Though she still can’t keep too many things, she has more small possessions. Her fairly extensive wardrobe travels everywhere with her, packed in duffel bags and suitcases. She has a lot of jewelry, as well, some of it costume, some precious gifts from family members and ex-boyfriends. She brings a framed photo of her and Charlie dressed as Power Rangers for Halloween at ages 8 and 5 with her every time she moves. She was the yellow one, and he the red. They’re laughing like idiots in it—nothing makes her smile more. She also values her journals for the way they remind her how she’s changed since she left Seattle at 19.

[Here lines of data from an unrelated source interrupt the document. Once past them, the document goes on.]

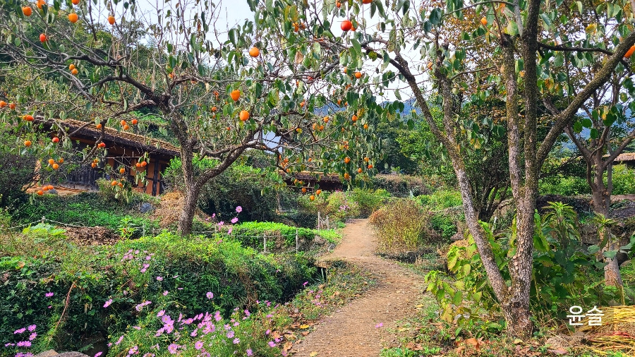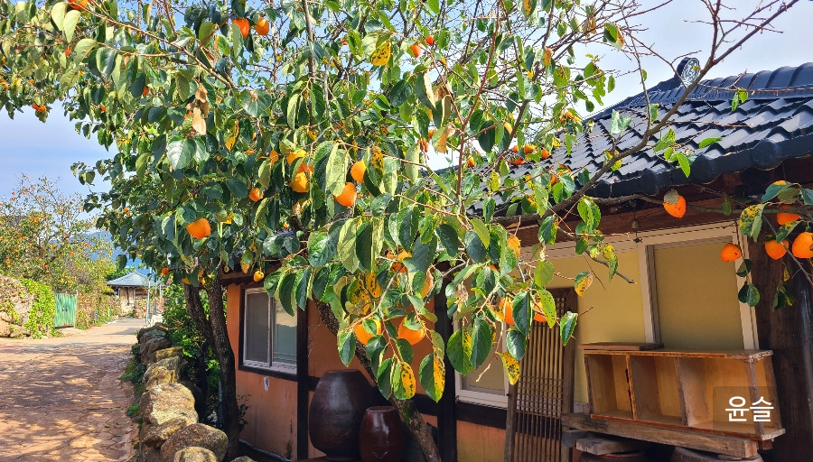 감이 주렁주렁 매달린 감나무를 이 집 앞마당에서, 저 집 뒷마당에서, 심지어 가로수로도 만나며 최참판댁 표지판을 따라 길을 올랐다.
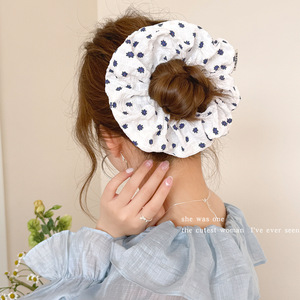 韓国風の青と白の花柄の女性用ヘアゴム、高弾性、髪を傷つけない、多用途のヘアロープ、耐久性のあるヘアアクセサリー、夏
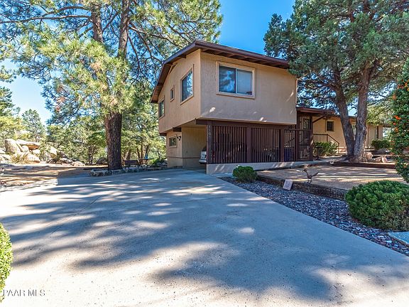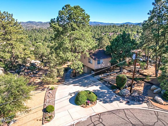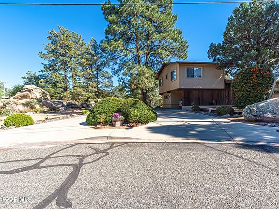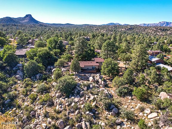 Welcome home to outstanding views on over an acre in historic downtown Prescott Arizona. This fantastic 3 bedroom, 2 bathroom home showcases the beauty of boulder outcroppings, tall pines, and mountain vistas. Located in a fantastic established Prescott neighborhood, you can't beat the short walk to downtown. Open concept kitchen, living and dining room with large picture windows to enjoy the vistas beyond. Multiple exterior living spaces: a covered patio showcasing boulder outcroppings, and a rear Trex deck with views of the Bradshaw mountain range. The primary suite has access the the rear deck and even features views from the en-suite bathroom! Additional office and den provide flexible living spaces to enjoy. Don't hesitate- call for your tour today.
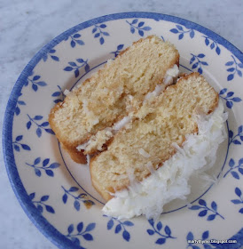 This isn't a large cake. I made two layers in loaf pans and it probably would have been prettier if I had sliced each cake in two to make four layers in all with frosting in between. But it really didn't matter in the end because it was polished off quite quickly! Coconut, aaah...
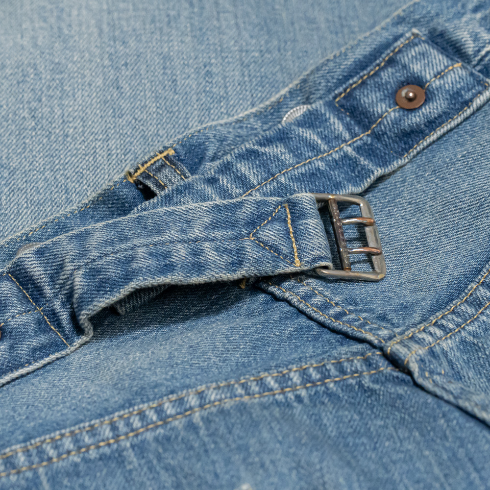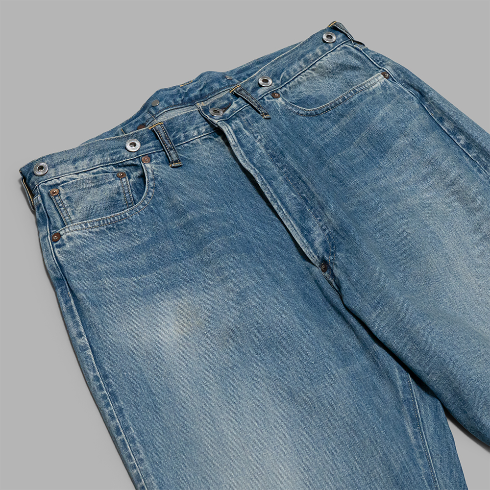 デザインは、1922年モデルの501XXをベースに、バランスを整えた太めのシルエットで作られています。上流階級だけではなく若い労働者階級にもベルトが普及した時代でもあり、この年から初めてベルトループが採用されています。それまでのシンチバックやサスペンダーボタンも残され、変換期ならではの多種多様なディティールを備えています。前立てはボタンフライの仕様です。

Opera is her passion and has been since she started lessons at age 11, late for someone wanting to do it professionally, but not so late that her dream would be impossible. She’s had other interests over the years: a brief period in 9th grade when she thought that being popular and on the cheerleading team was more important than music, a horse phase from 8-10, learning guitar when she dated that guy in a band, and most recently, knitting to relax, though she hasn’t felt compelled to work on the scarf she was making for over a month, so that too may become obsolete soon. Rarely does Beth attend movies—she’s too antsy to sit in a theatre that long—but she’ll watch documentaries on the History channel for hours and can somehow manage to sit through a four hour-long opera with ease. She doesn’t read too many books, either, but she likes to reread her favorite, The Catcher in the Rye, once every year.